__What to work on__
Please return the records below exactly as they stand, with the pictures removed.

[Records from a data collection]
• • •

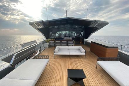 On accède par quatre marches centrales, très larges, au pont principal (main deck). Le deck extérieur à ce niveau dispose de deux très grandes plages de bain latérales, ceinturées par des assises pouvant accueillir aisément 8 à 10 invités.
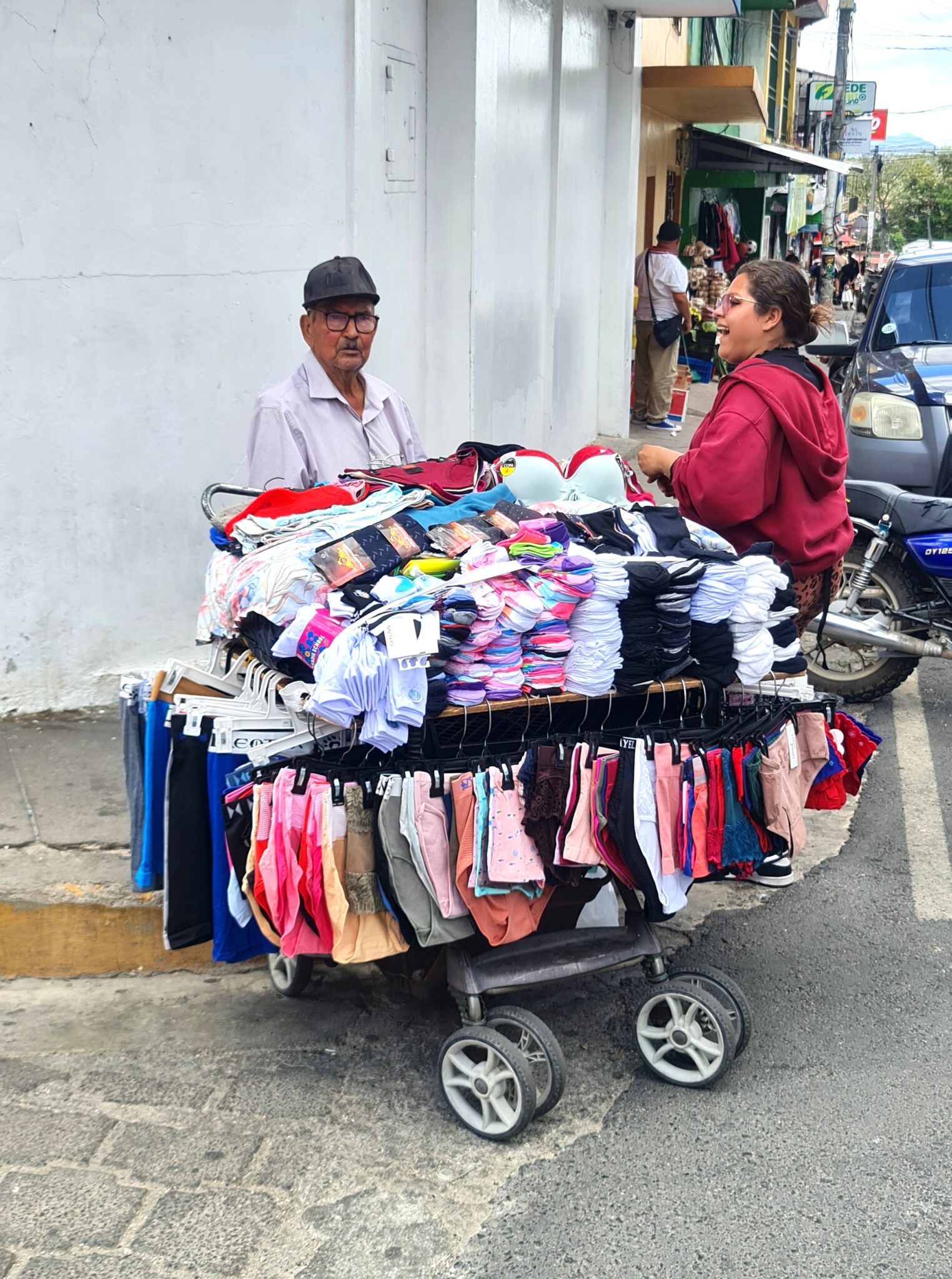 Wir stehen hinter dem Pickup – und es ist wirklich kein Zentimeter Platz, um an ihm vorbeizufahren. Aber auch das entgegenkommende Taxi kann wegen dieser spontanen Einkaufssituation nicht weiterfahren. Also wartet man eben. So geht das in Lateinamerika: kein Hupen, keine Hektik, keine schimpfenden Worte. Entspannte Gelassenheit…
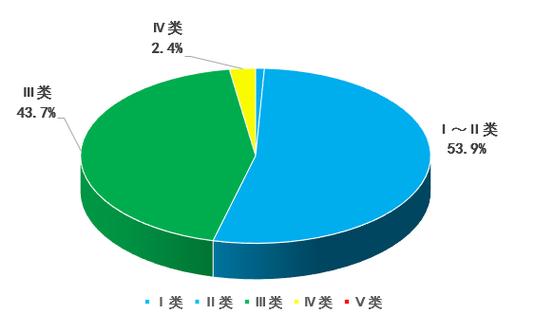 2022年1―7月,全省主要流域总体水质为优。监测的375个断面中,ⅰ~ⅲ类水质比例97.6%,其中ⅰ~ⅱ类水质比例53.9%。各类水质比例如下:ⅰ类占0.8%,ⅱ类占53.1%,ⅲ类占43.7%,ⅳ类占2.4%,无ⅴ类和劣ⅴ类水。小流域考核断面ⅰ~ⅲ类水质比例为93.0%。
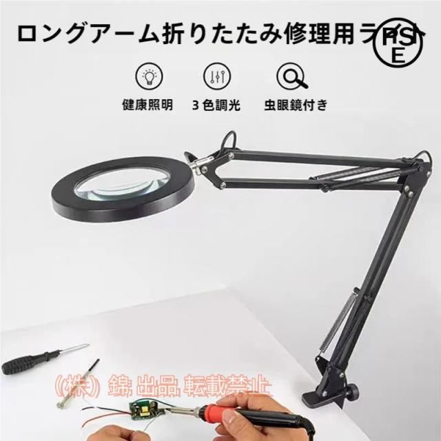 拡大鏡スタンドルーペクリップ式倍率10倍レンズ直径10.5CMLEDライト付き360°角度調整可能読書新聞地図ジュエリー手芸株式会社錦虫眼鏡USB給電父の日
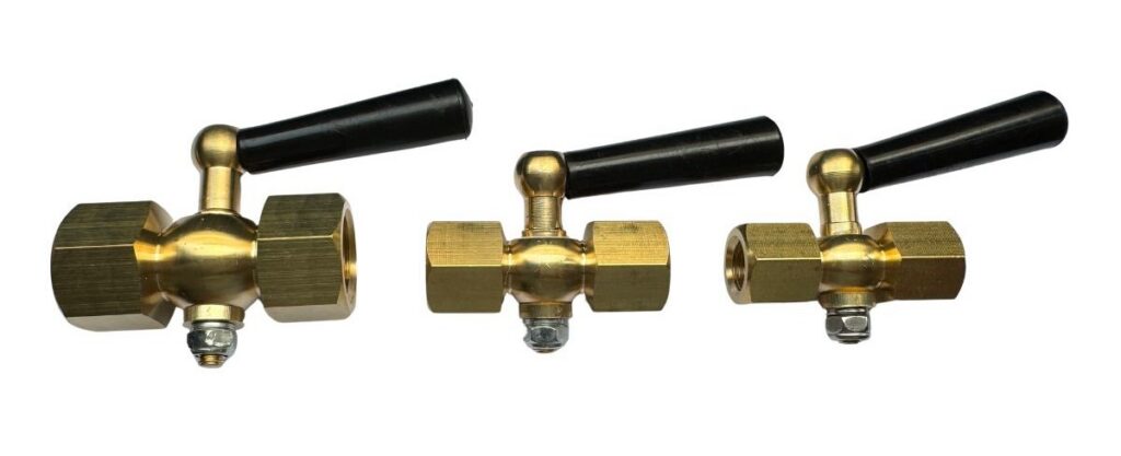 CMT Engineering supplies gauge cocks made from unpolished brass with a hard black plastic handle. They have a three-way position for locking, discharging and venting.
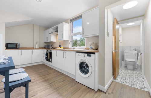 The kitchen comes complete with a dining table and chairs, Fridge/Freezer, Oven, Microwave, Kettle and Toaster as well as cooking equipment and crockery. A washing machine is also available. All cleaning materials including washing up liquid and hand wash are supplied.
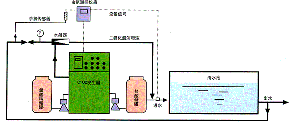 采用鹽酸與氯酸鈉定量注入到反應(yīng)釜內(nèi),反應(yīng)釜在加熱的情況下發(fā)生化學反應(yīng)生產(chǎn)二氧化氯與氯氣,再通過水射器吸入投加到消毒水體中。工藝采用負壓曝氣、正壓注入的技術(shù)來生產(chǎn)二氧化氯消毒液。
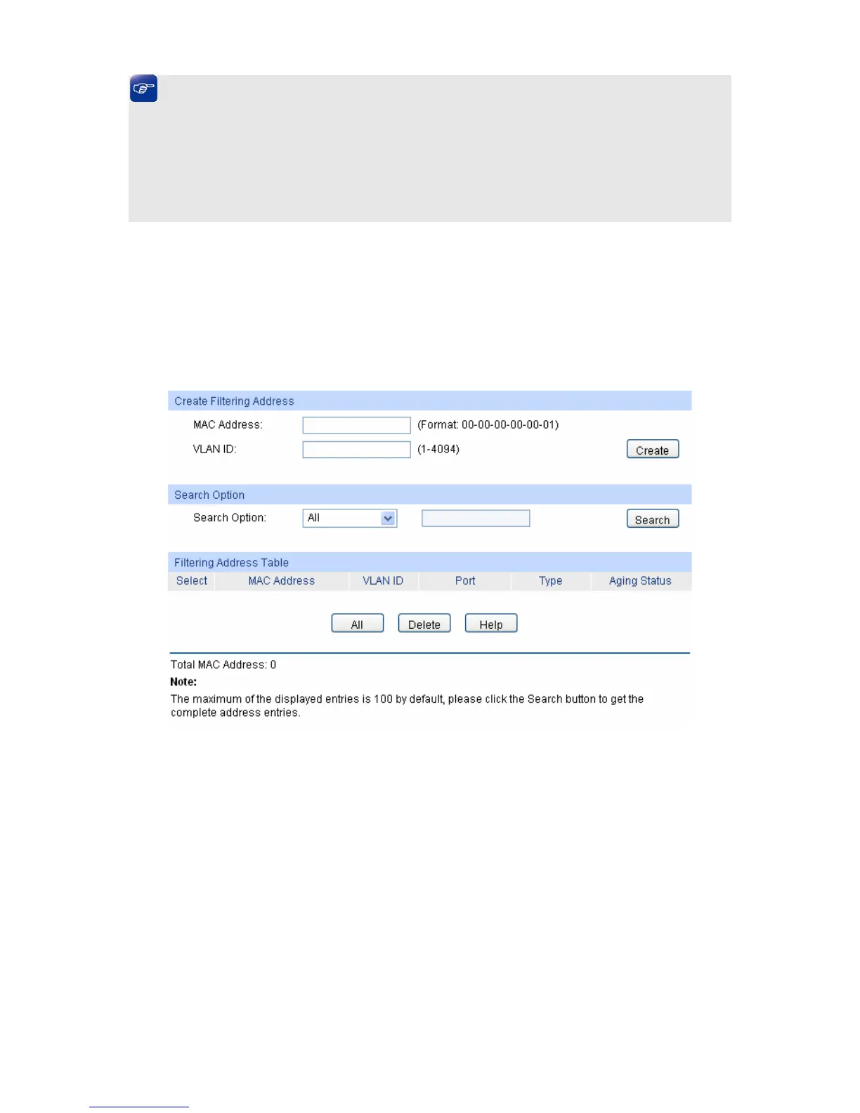 destination address, so as to guarantee the network security. The filtering MAC address entries
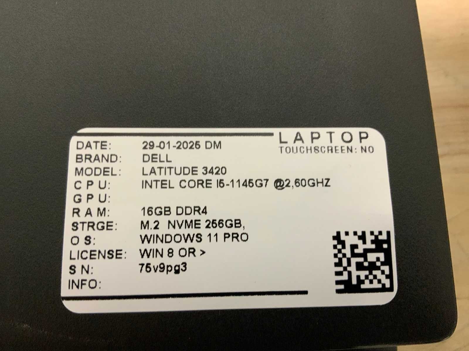 Merk: Dell Type: Latitude 3420(i5-gen11) Processor type: Intel core i5-1145G7 Processorsnelheid Ghz: 2,60 RAM Geheugen: 16GB RAM Geheugen Type: Ddr4 Totale opslagcapaciteit: 256GB Type datadrager: Nvme Aantal datadragers: 1 Besturingssysteem: Windows 11 pro Licentie: Onboard Zonder adapter: true Wifi: true Bluetooth: true Ethernet: 1 USB-Type: Usb-C/Usb-A USB poorten: 4 Card reader: true Koptelefoon aansluiting: true Webcam: true Toetsenbord: Qwertz HDMI: 1
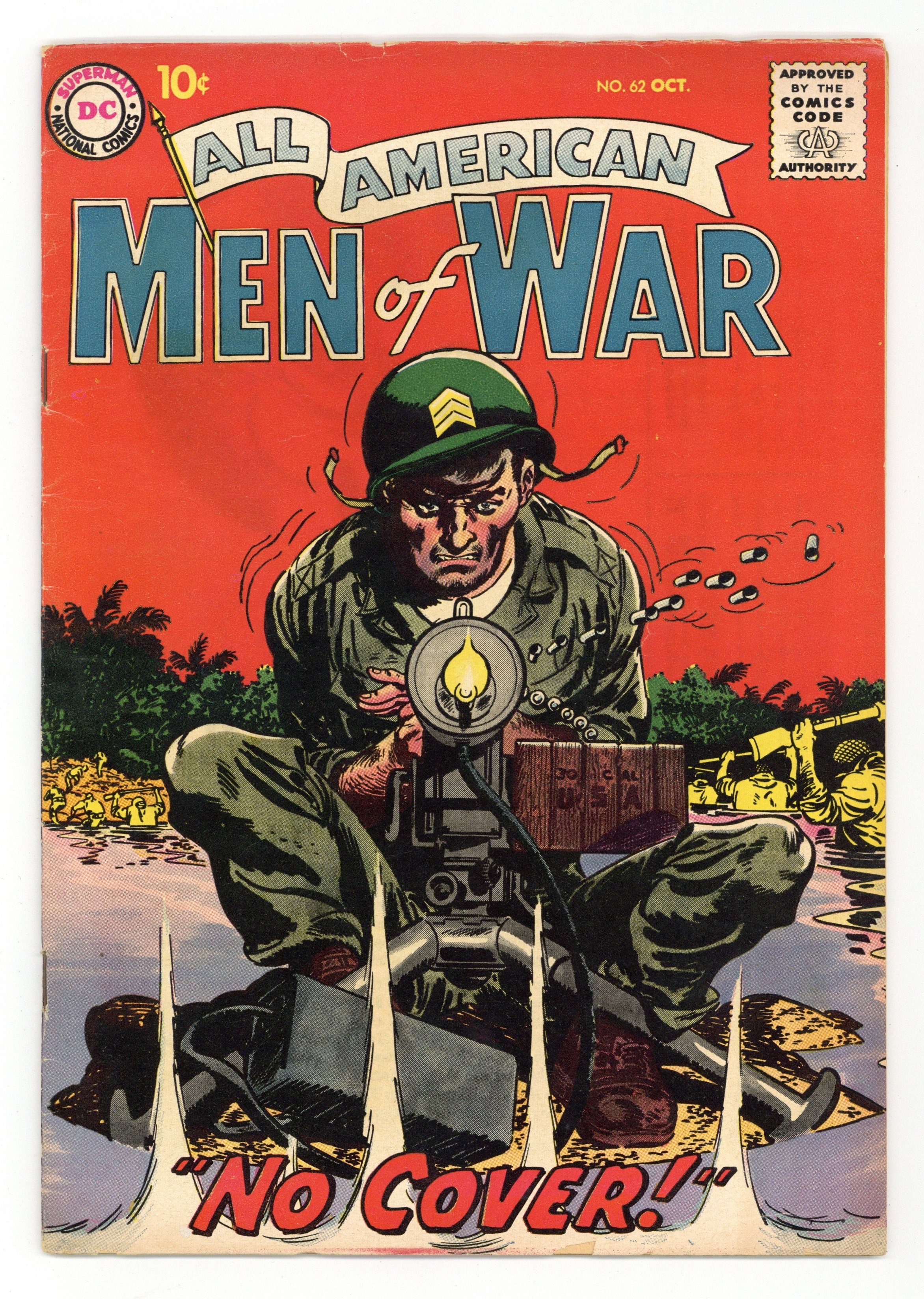 Edited by Whitney Ellsworth. Cover by Jerry Grandenetti. Stories by Robert Kanigher, Ross Andru, Mike Esposito, Morris Waldinger, Tom Nicolisi, Bob Haney, Jerry Grandenetti, Bob Stuart, Morris Waldinger, Tom Nicolisi, Bob Haney, and Russ Heath. Adventure tales of war and the military, including some humor—go into combat with All American Men of War! 36 Pages, Full Color. Cover price $0.10.

• • •

__Worked solution__
 On accède par quatre marches centrales, très larges, au pont principal (main deck). Le deck extérieur à ce niveau dispose de deux très grandes plages de bain latérales, ceinturées par des assises pouvant accueillir aisément 8 à 10 invités.
 Wir stehen hinter dem Pickup – und es ist wirklich kein Zentimeter Platz, um an ihm vorbeizufahren. Aber auch das entgegenkommende Taxi kann wegen dieser spontanen Einkaufssituation nicht weiterfahren. Also wartet man eben. So geht das in Lateinamerika: kein Hupen, keine Hektik, keine schimpfenden Worte. Entspannte Gelassenheit…
 2022年1―7月,全省主要流域总体水质为优。监测的375个断面中,ⅰ~ⅲ类水质比例97.6%,其中ⅰ~ⅱ类水质比例53.9%。各类水质比例如下:ⅰ类占0.8%,ⅱ类占53.1%,ⅲ类占43.7%,ⅳ类占2.4%,无ⅴ类和劣ⅴ类水。小流域考核断面ⅰ~ⅲ类水质比例为93.0%。
 拡大鏡スタンドルーペクリップ式倍率10倍レンズ直径10.5CMLEDライト付き360°角度調整可能読書新聞地図ジュエリー手芸株式会社錦虫眼鏡USB給電父の日
 CMT Engineering supplies gauge cocks made from unpolished brass with a hard black plastic handle. They have a three-way position for locking, discharging and venting.
 The kitchen comes complete with a dining table and chairs, Fridge/Freezer, Oven, Microwave, Kettle and Toaster as well as cooking equipment and crockery. A washing machine is also available. All cleaning materials including washing up liquid and hand wash are supplied.
 采用鹽酸與氯酸鈉定量注入到反應(yīng)釜內(nèi),反應(yīng)釜在加熱的情況下發(fā)生化學反應(yīng)生產(chǎn)二氧化氯與氯氣,再通過水射器吸入投加到消毒水體中。工藝采用負壓曝氣、正壓注入的技術(shù)來生產(chǎn)二氧化氯消毒液。
 destination address, so as to guarantee the network security. The filtering MAC address entries
 Merk: Dell Type: Latitude 3420(i5-gen11) Processor type: Intel core i5-1145G7 Processorsnelheid Ghz: 2,60 RAM Geheugen: 16GB RAM Geheugen Type: Ddr4 Totale opslagcapaciteit: 256GB Type datadrager: Nvme Aantal datadragers: 1 Besturingssysteem: Windows 11 pro Licentie: Onboard Zonder adapter: true Wifi: true Bluetooth: true Ethernet: 1 USB-Type: Usb-C/Usb-A USB poorten: 4 Card reader: true Koptelefoon aansluiting: true Webcam: true Toetsenbord: Qwertz HDMI: 1
 Edited by Whitney Ellsworth. Cover by Jerry Grandenetti. Stories by Robert Kanigher, Ross Andru, Mike Esposito, Morris Waldinger, Tom Nicolisi, Bob Haney, Jerry Grandenetti, Bob Stuart, Morris Waldinger, Tom Nicolisi, Bob Haney, and Russ Heath. Adventure tales of war and the military, including some humor—go into combat with All American Men of War! 36 Pages, Full Color. Cover price $0.10.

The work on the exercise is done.